§ **Records for the exercise**
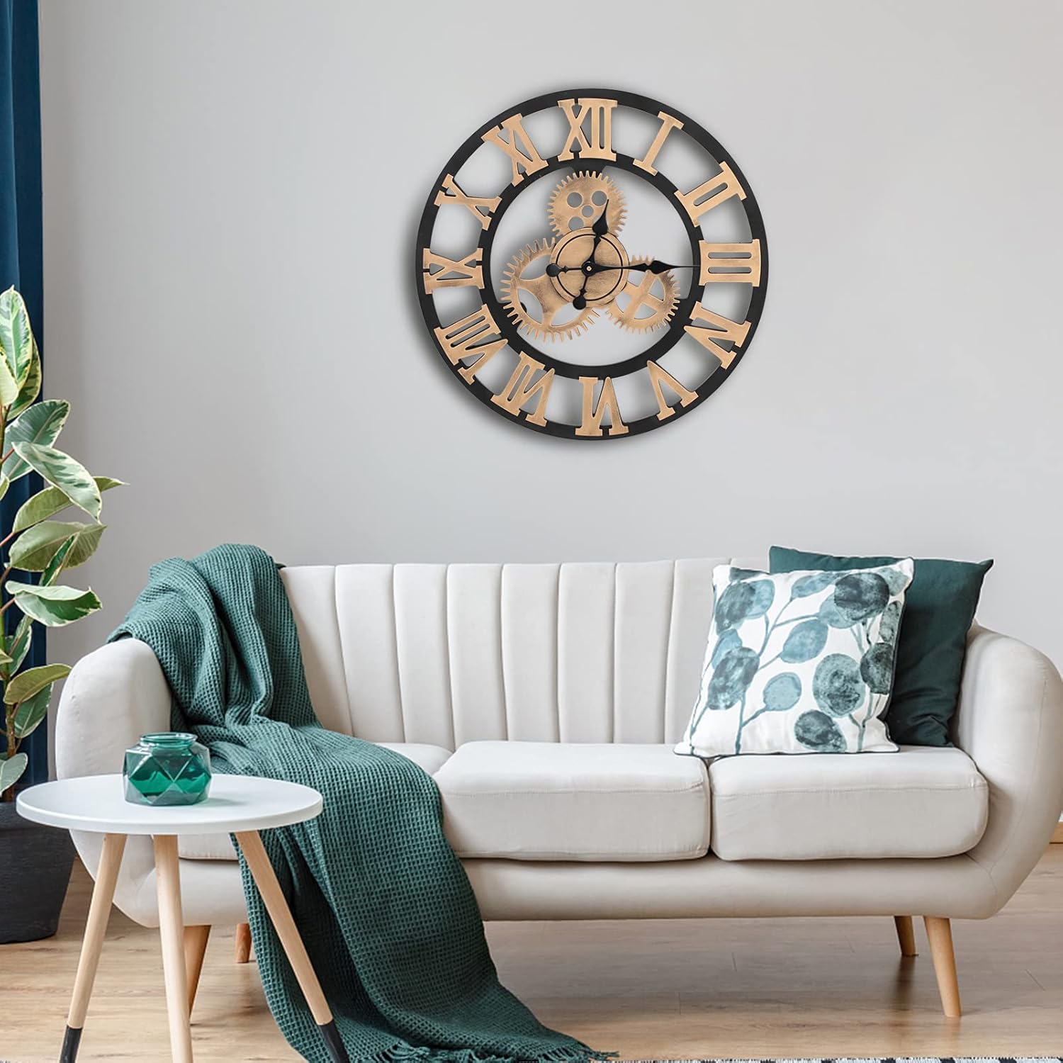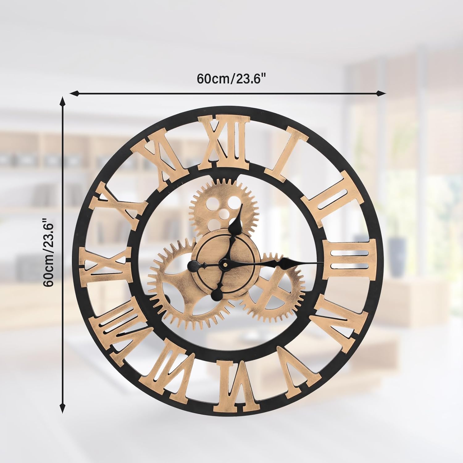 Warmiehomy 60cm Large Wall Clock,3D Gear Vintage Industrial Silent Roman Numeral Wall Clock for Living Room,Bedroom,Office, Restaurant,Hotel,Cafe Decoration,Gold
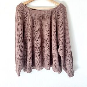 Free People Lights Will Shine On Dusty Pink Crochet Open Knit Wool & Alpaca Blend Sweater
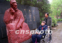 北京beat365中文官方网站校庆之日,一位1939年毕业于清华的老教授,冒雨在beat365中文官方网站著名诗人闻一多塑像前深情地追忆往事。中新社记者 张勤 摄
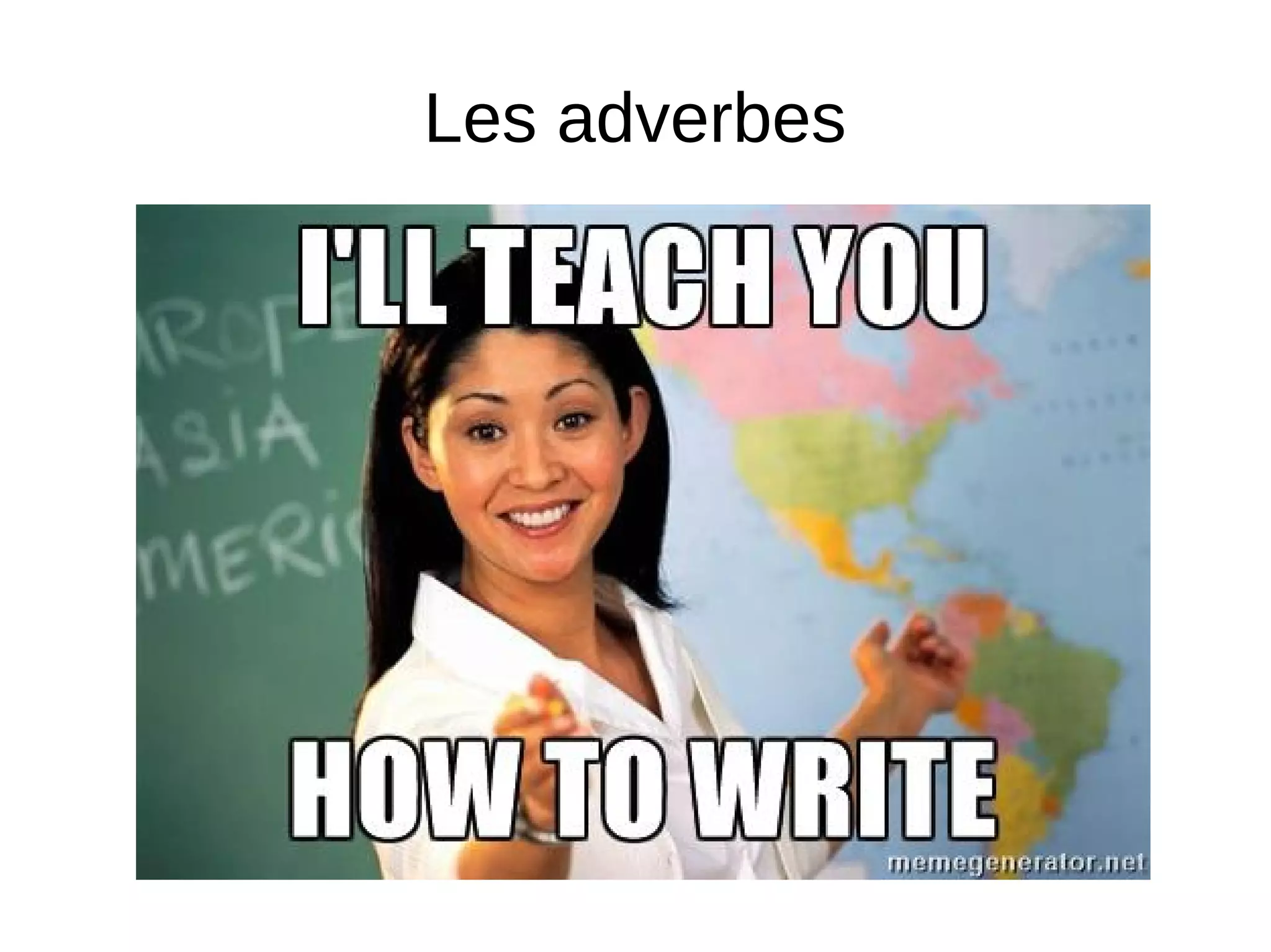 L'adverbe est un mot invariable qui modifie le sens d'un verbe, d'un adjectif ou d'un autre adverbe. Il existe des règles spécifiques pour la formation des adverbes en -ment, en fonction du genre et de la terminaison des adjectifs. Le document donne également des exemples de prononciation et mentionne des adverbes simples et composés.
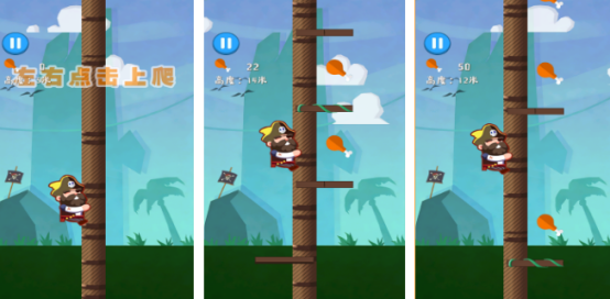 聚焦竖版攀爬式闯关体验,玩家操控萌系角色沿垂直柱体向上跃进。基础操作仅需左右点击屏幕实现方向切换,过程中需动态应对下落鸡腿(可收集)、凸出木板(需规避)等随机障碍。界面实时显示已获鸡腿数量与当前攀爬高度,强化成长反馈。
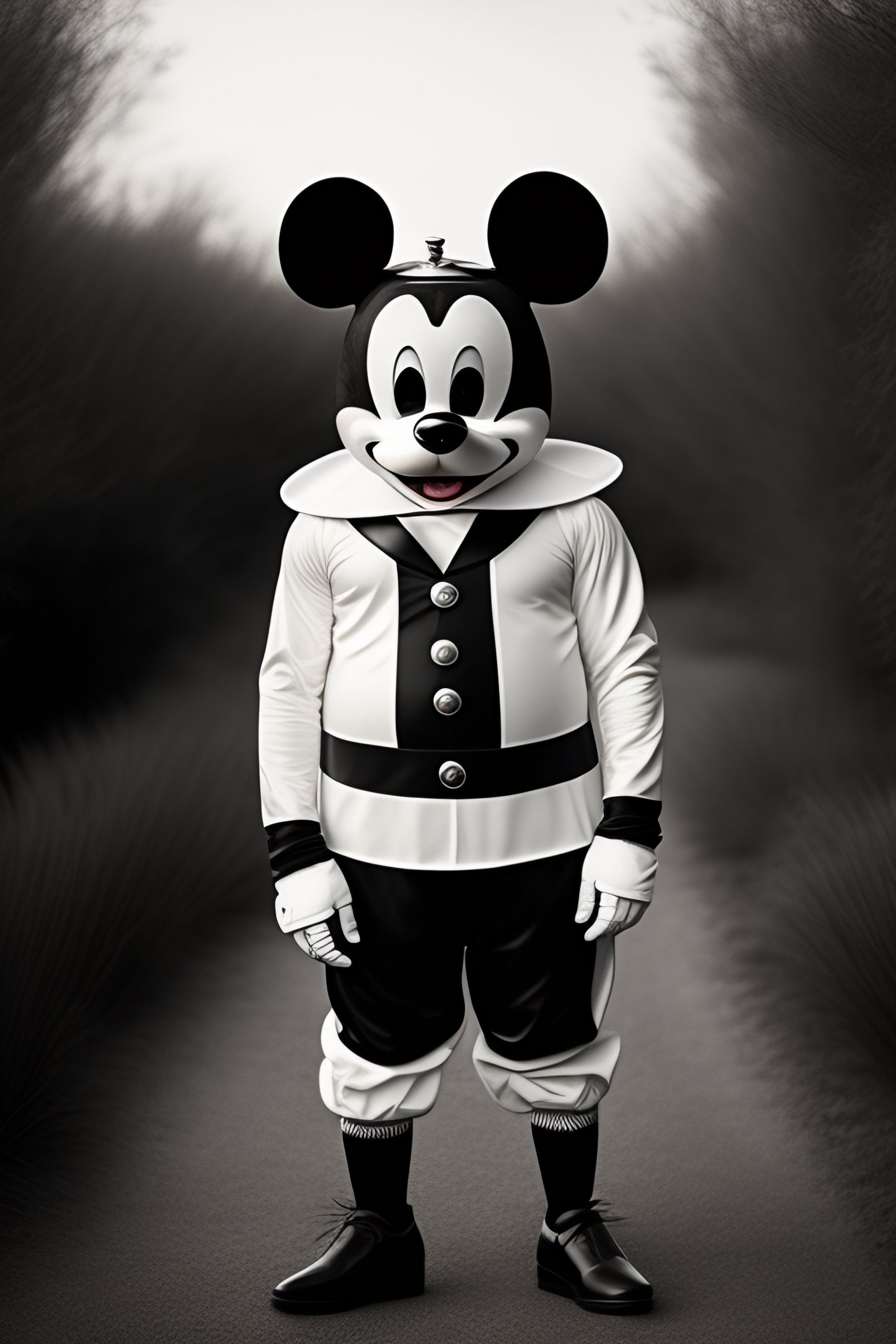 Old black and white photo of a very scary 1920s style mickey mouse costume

§ **Problem details**
With the pictures omitted, print precisely the lines from the one with "Free People Lights" to the final line of the records, both included.

§ **Response area**
 Free People Lights Will Shine On Dusty Pink Crochet Open Knit Wool & Alpaca Blend Sweater
 北京beat365中文官方网站校庆之日,一位1939年毕业于清华的老教授,冒雨在beat365中文官方网站著名诗人闻一多塑像前深情地追忆往事。中新社记者 张勤 摄
 L'adverbe est un mot invariable qui modifie le sens d'un verbe, d'un adjectif ou d'un autre adverbe. Il existe des règles spécifiques pour la formation des adverbes en -ment, en fonction du genre et de la terminaison des adjectifs. Le document donne également des exemples de prononciation et mentionne des adverbes simples et composés.
 聚焦竖版攀爬式闯关体验,玩家操控萌系角色沿垂直柱体向上跃进。基础操作仅需左右点击屏幕实现方向切换,过程中需动态应对下落鸡腿(可收集)、凸出木板(需规避)等随机障碍。界面实时显示已获鸡腿数量与当前攀爬高度,强化成长反馈。
 Old black and white photo of a very scary 1920s style mickey mouse costume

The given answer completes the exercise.